__Exercise instructions__
Return nothing but the lines from the one with "Общая площадь 34.3 м2" through the one with "但不容忽视的是,民俗服饰约拍" in the data below, word for word and without pictures.

__Given data__
****************

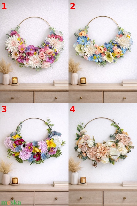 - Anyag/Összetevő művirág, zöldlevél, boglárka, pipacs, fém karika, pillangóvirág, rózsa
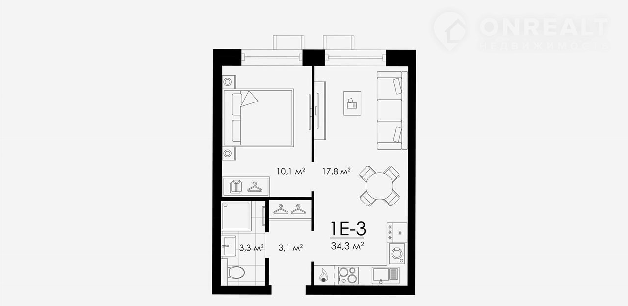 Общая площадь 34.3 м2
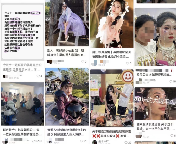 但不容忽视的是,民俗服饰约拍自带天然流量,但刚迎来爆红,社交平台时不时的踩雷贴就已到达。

****************

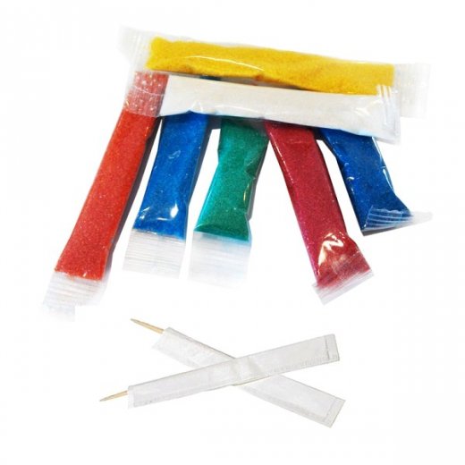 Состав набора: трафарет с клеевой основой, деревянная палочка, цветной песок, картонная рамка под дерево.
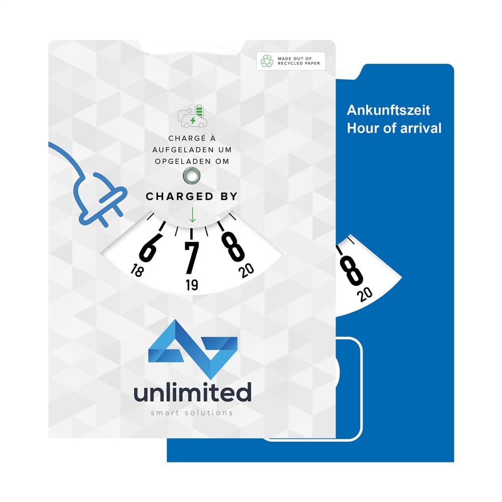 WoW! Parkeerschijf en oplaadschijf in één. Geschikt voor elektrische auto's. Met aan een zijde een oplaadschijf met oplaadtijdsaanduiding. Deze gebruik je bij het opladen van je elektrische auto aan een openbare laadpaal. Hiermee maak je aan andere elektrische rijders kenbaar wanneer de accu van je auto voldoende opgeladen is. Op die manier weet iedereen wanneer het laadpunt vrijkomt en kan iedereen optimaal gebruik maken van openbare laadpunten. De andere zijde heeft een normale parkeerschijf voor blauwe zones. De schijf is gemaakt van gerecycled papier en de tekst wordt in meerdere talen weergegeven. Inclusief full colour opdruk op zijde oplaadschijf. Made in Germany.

****************

__Exercise result__
 Общая площадь 34.3 м2
 但不容忽视的是,民俗服饰约拍自带天然流量,但刚迎来爆红,社交平台时不时的踩雷贴就已到达。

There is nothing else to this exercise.